In honor of National Autism Awareness Month, take some time to familiarize yourself with the three types of ASDs:
Autistic disorder is characterized by impaired social interaction, communication issues (including problems with language), and unusual, repetitive or severely limited activities and interests. People with this disorder also often have intellectual disabilities.
Asperger’s syndrome is often associated with some of the symptoms of autistic disorder, but they are less severe. While problems with socializing and unusual behaviors and interests are not uncommon, Asperger’s syndrome is not associated with language difficulties or intellectual disability.
Pervasive developmental disorder-not otherwise specified (PDD-NOS) is a term used to describe individuals who display only some of the signs of autistic disorder or Asperger’s syndrome. These individuals’ symptoms are often milder and only affect socialization and communication.

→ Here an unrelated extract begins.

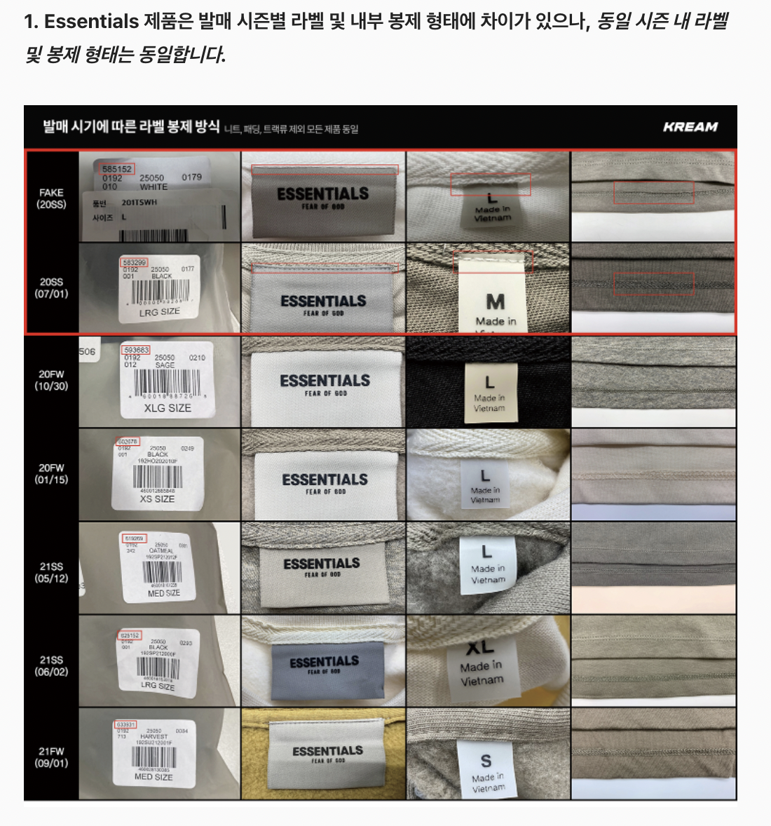 생산시기에 따라서 라벨이나 봉제형태가 다를뿐이지, 무신사가 주장하는 정품 개체 차이로는 절대 발생할 수 없다는 것!

Workplace Eye Wellness Month
The workplace can present a variety of dangers to one’s eyes. Eye injuries can be caused by flying objects in the air, chemical splashes, tools and particles. The good news is that approximately 90 percent of all work-related eye injuries can be prevented by wearing the proper personal protective equipment (PPE) while on the job.
In honor of Workplace Eye Wellness Month, reduce your risk of eye injuries by taking steps to eliminate hazards and wearing the appropriate eye protection. Consider the following recommendations:
Select safety glasses or goggles that are appropriate for the job and your facial features. Glasses should rest firmly on the top of your nose and close to, but not against, the face.
Always keep safety goggles and glasses clean. Scratches and dirt can reduce vision and may contribute to accidents.
Wear glasses or goggles that are properly ventilated for the work you are performing.
Identify and eliminate the dangers in your workplace before beginning your tasks for the day.